Given information:
⟨

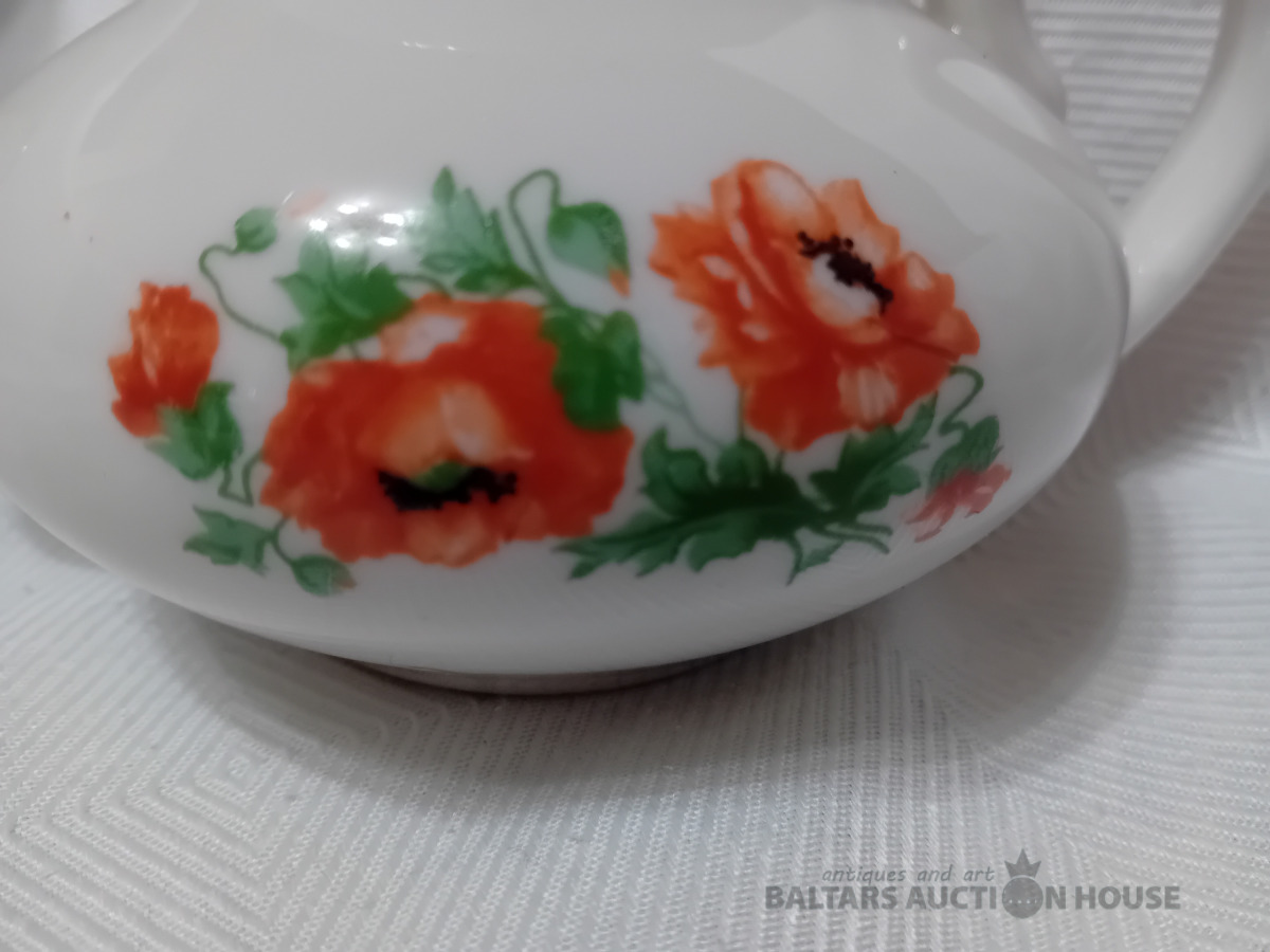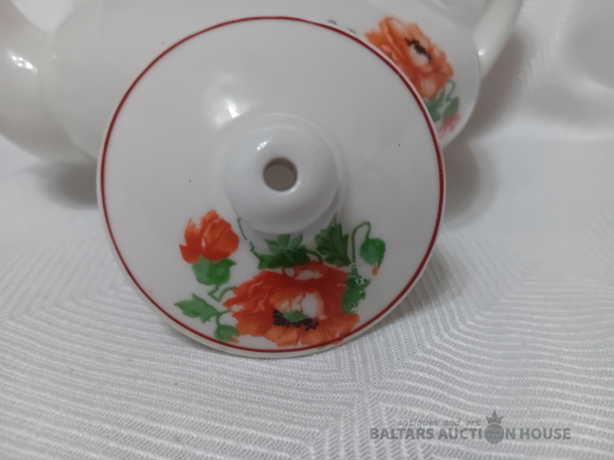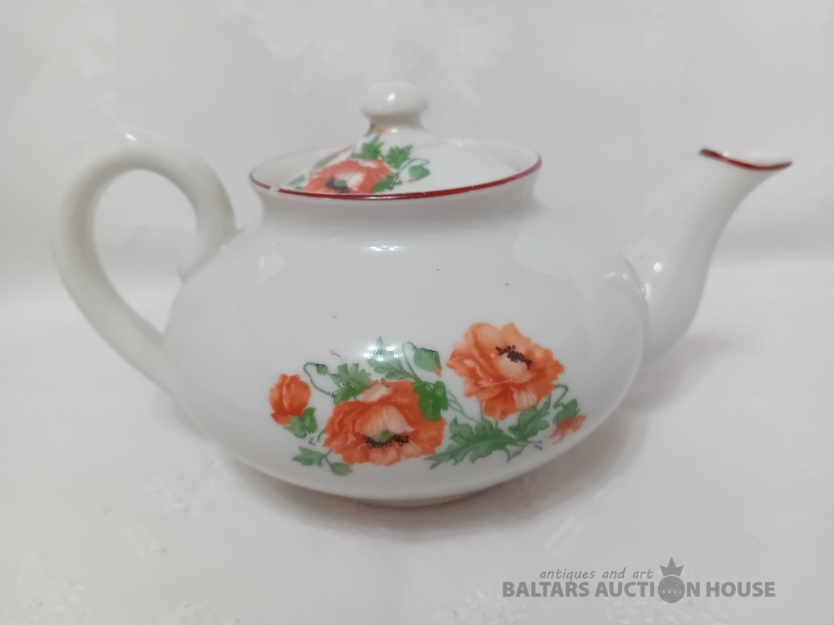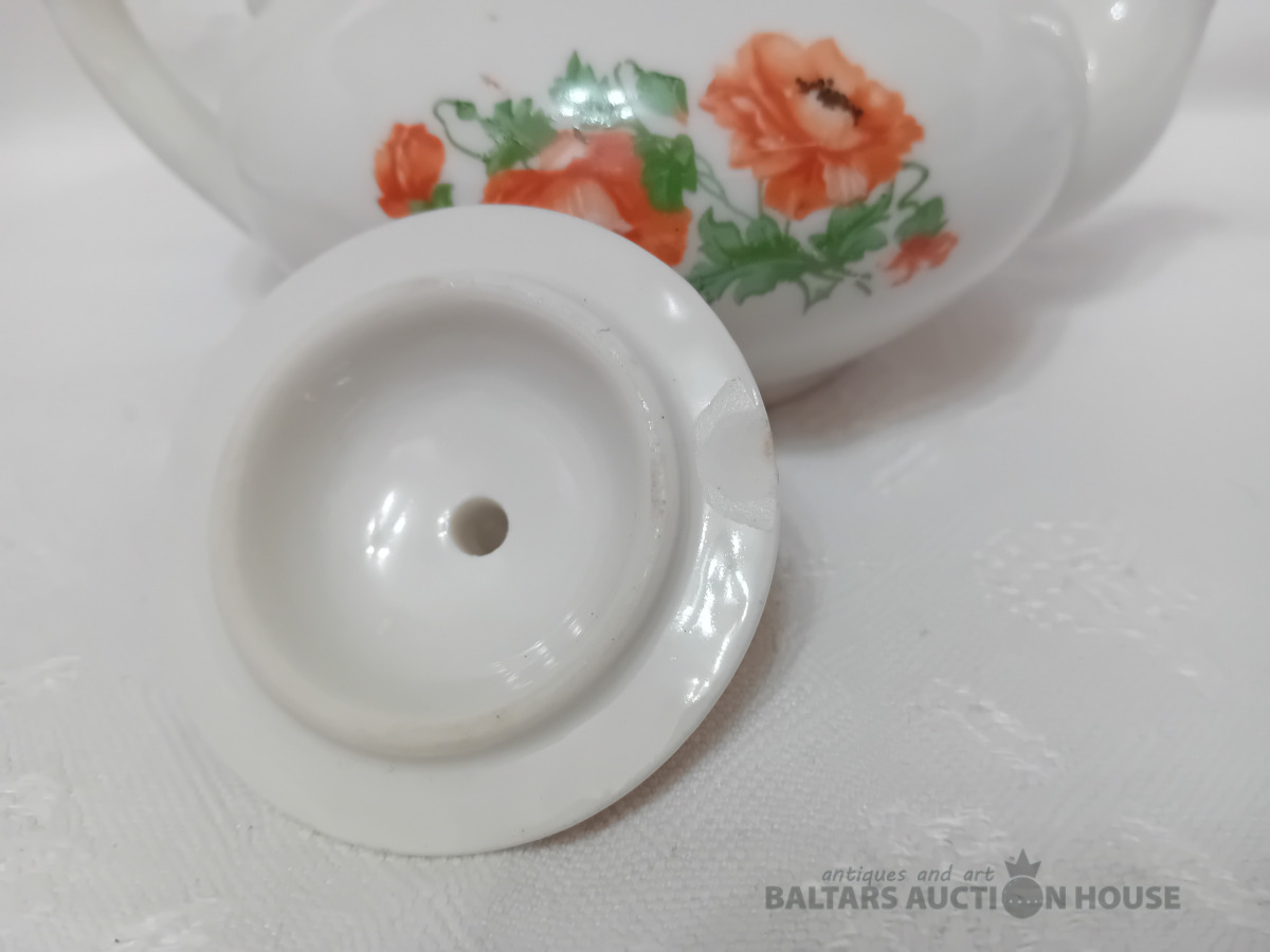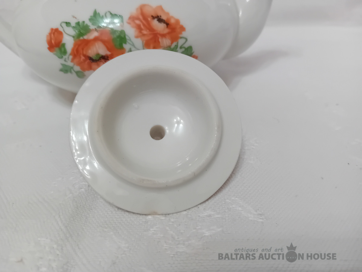 Porcelāna tējas kanna, Dmitrovas p.r. Verbilki, 1940-1946. g. zīmogs, lietots, vāciņam defekts, Vāciņam atsitums
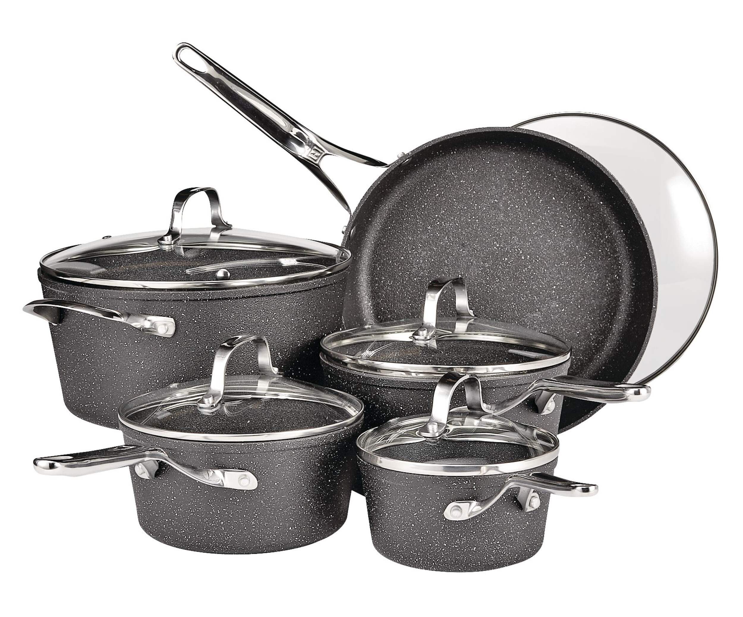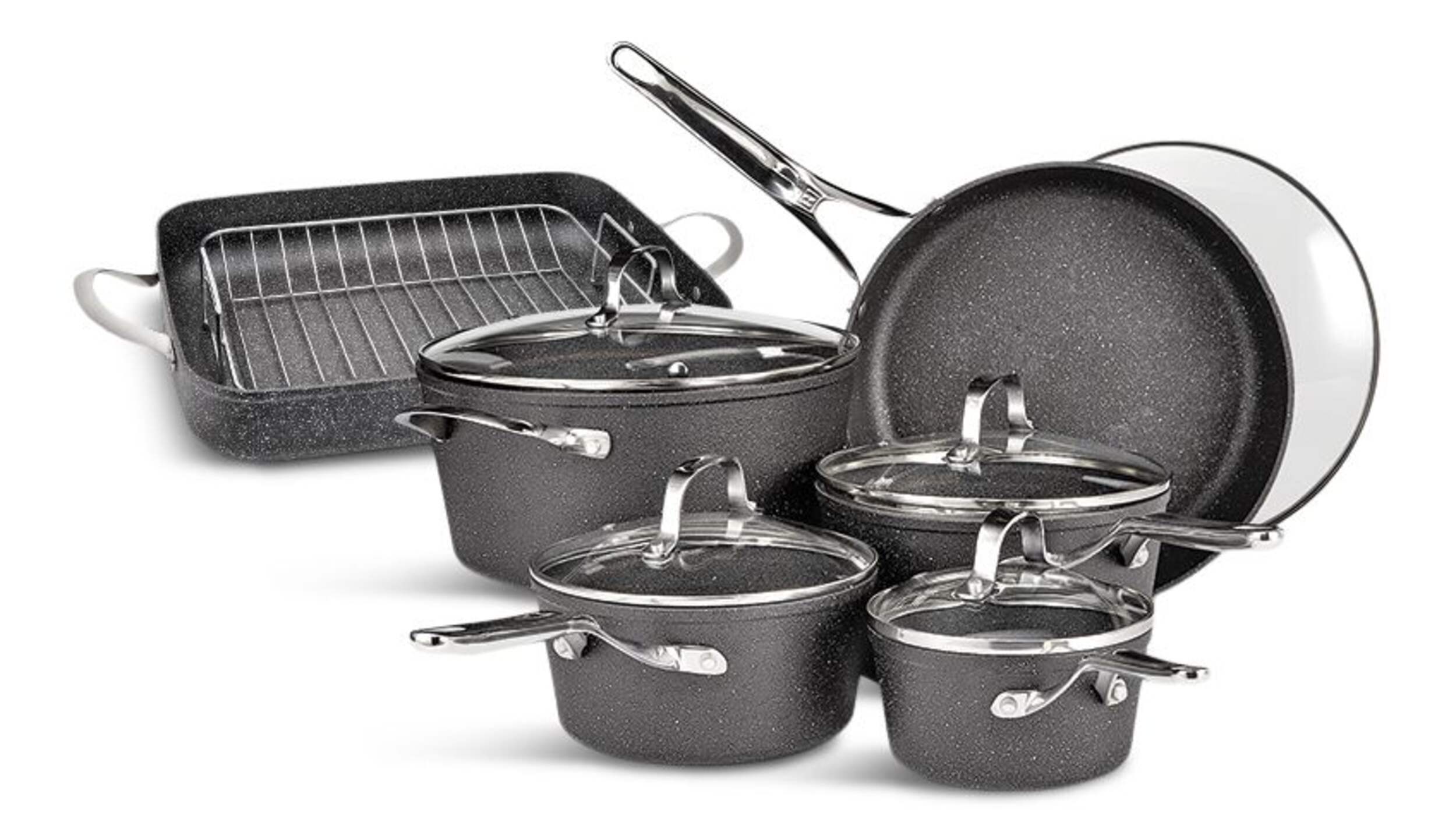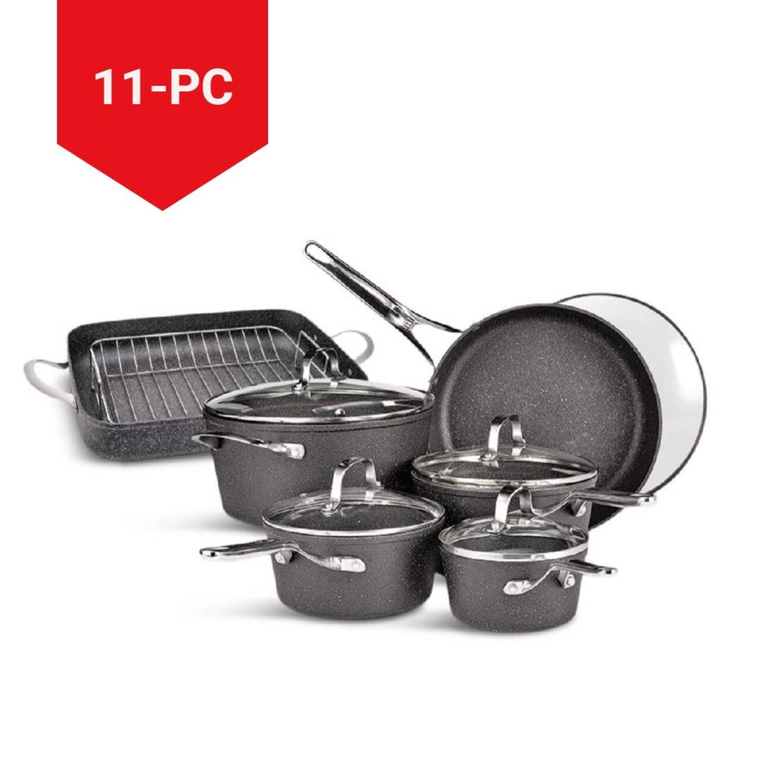 Ensemble comprenant : une batterie Heritage The Rock en aluminium forgé antiadhésif de 10 pièces (No. d'art. CT 142-7071) et une rôtissoire Heritage The Rock de 17 x 12 po (No. d'art CT 142-8308)
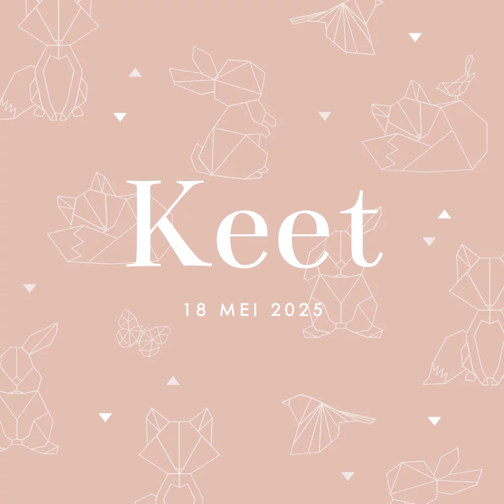 Hip roségoudfolie geboortekaartje met geometrische dieren voor meisje
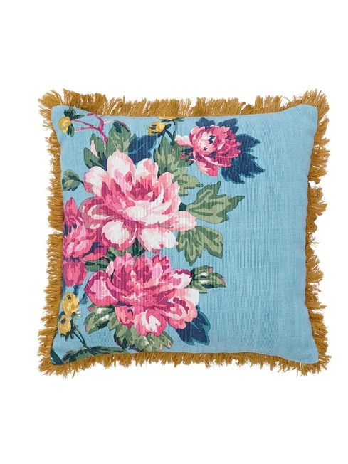 Add a touch of elegance and classic country to your home with this filled cushion. Screen printed onto heavy cotton is a bunch of hand-drawn hydrangeas that are complemented by a blue background. Adding yet more opulence is an antique gold fringed trim that runs around all four edges.
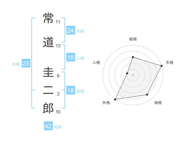 常道 圭二郎さんを姓名の画数から五運を鑑定

⟩

What to work on:
From the line with "Ensemble comprenant : une" through the final line of the data above, copy everything exactly, both ends included, but not the pictures.

Completed task:
 Ensemble comprenant : une batterie Heritage The Rock en aluminium forgé antiadhésif de 10 pièces (No. d'art. CT 142-7071) et une rôtissoire Heritage The Rock de 17 x 12 po (No. d'art CT 142-8308)
 Hip roségoudfolie geboortekaartje met geometrische dieren voor meisje
 Add a touch of elegance and classic country to your home with this filled cushion. Screen printed onto heavy cotton is a bunch of hand-drawn hydrangeas that are complemented by a blue background. Adding yet more opulence is an antique gold fringed trim that runs around all four edges.
 常道 圭二郎さんを姓名の画数から五運を鑑定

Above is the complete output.